Jocko knew what to do. He’d seen it in his mind in his conversation with Johnny. Without any hesitation he leapt forward in a seated position and landed squarely in the middle of the tub.

Johnny, Gert, and the dog suddenly found themselves in a wet heap on the porch while Jocko sat barely hip deep in the tub.

“Well, it’s a start,” said Gert, laughing. “I should have expected something like that.”

Jocko had answered any questions Johnny might have had about whether the mountain-boy knew about water. His

‘baaaaath’, as he continued to say during the course of the event, was a unique experience for all of them. Strange as it was for Gert, she found the thick, human-like fur on Jocko’s young back pleasant to touch.

Memories began to flood her mind. She returned to a place she had nearly forgotten; the time a youthful Gert bathed with her young husband in a grove of aspen. How long ago? Was it in this very tin tub?

She and Jimmy were building the cabin. It had taken five years of living in tents until they finished the work. The tent was musty and the bedclothes were never dry, but the nights were wonderful.

Johnny looked at her. Her eyes told him she was miles away.

“What?” he asked her.

Gert snapped back to reality, her eyes fixed on the broad expanse of Jocko’s back.

She stood up and went into the house to fetch the rinse water. “I hope this works, ’cause I feel a snap in the air. It’s gonna be cold tonight.”

When she returned with the kettle she added, “I wouldn’t want old Jocko to catch a chill. Maybe we should let him sleep inside, Johnny.”

Gert began pouring warm water down Jocko’s soapy back.

“Anyway,” she said, grunting under the weight of the pot,

“he’ll smell sweet as a petunia for tonight at least.

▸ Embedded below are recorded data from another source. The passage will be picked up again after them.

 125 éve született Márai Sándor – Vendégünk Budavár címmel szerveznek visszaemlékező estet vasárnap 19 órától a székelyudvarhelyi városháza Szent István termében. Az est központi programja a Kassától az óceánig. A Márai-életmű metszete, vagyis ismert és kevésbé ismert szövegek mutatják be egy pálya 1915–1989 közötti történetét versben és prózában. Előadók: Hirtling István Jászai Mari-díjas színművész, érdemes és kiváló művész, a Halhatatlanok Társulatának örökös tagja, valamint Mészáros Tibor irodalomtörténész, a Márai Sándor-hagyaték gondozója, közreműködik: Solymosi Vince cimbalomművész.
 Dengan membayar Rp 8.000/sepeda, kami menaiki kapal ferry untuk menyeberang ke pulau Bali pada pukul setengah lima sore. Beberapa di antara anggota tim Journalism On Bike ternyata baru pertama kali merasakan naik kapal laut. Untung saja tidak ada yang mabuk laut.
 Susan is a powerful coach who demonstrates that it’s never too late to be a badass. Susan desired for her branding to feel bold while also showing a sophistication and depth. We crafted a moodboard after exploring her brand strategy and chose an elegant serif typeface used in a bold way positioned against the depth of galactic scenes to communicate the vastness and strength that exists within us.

We best take advantage of it.”

It took four towels to dry Jocko, but finally he stood before them devoid of dirt and odor. With his hair slicked down he looked like an Indian boy, perhaps from the Aleutians.

The way his hair grew, combined with his strong shoulder and neck muscles, gave Jocko a more ape-like appearance when he was dry than when wet. For the first time Johnny felt he was really seeing what his new friend looked like. Then he remembered his idea.

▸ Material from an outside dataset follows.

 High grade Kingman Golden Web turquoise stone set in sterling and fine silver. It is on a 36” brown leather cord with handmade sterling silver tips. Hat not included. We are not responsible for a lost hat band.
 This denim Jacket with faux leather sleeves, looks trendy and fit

“What if we shaved Jocko and dressed him up?”

His aunt looked at him blankly, then she scrutinized the ape-boy.

“Who would he be masquerading as, Johnny? A long-lost cousin from the Northern Territories? Really, John, this day has been more than enough for an old woman like me. Don’t go tellin’ me to fetch Jimmy’s razor.” She laughed. “If I ever tell of this it’ll be after I’m real drunk and someone asks me what’s the strangest thing I ever did.”

When Jocko was finally dry, Gert suggested they introduce him to the rest of the house. Johnny linked with Jocko and told him not to touch anything without permission.

The sasquatch listened intently, but there was no telling if he understood.

They took Jocko by the arm and led him into the kitchen.

When they entered the kitchen Jocko stiffened. It was evident from his expression that he had entered a forbidden world.

The smell of the human dwelling made Jocko’s head swim: many humans had been there, wolves had lived there too.

But there were other smells: potpourri, mace and sage, yeast and sour milk. Tobacco smoke. He knew them all but couldn’t identify any of them. He knew only that all of them were the signs of man.

Jocko noticed the kitchen ceiling, marveling at the even rows of smooth wooden planks. He smelled cedar and pine.

Jocko saw every detail: strangely shaped implements hung near the stove; ashes lay near the hinges of the fire door. A green glass window that turned the outside into a dreamlike colored image. Other windows reflected the room or showed details outside. Everything had been

manufactured and was unmistakably human; things with strange shapes, circles, squares and triangles.

Here, in this cabin, was the totality of three human lives, four dogs, a large lynx, and a thousand other smells, all collected in a single place, a single cave; the sanctum sanctorum of a human family. Forbidden territory to Jocko.

One step at a time. The humans survived this every day –

so could Jocko.

He tried to summon his strength. The bath was a stressful experience, a test of his youthful resilience. All the images and memories that started to flood his mind while in the arms of Johnny and his aunt were beginning to overwhelm him.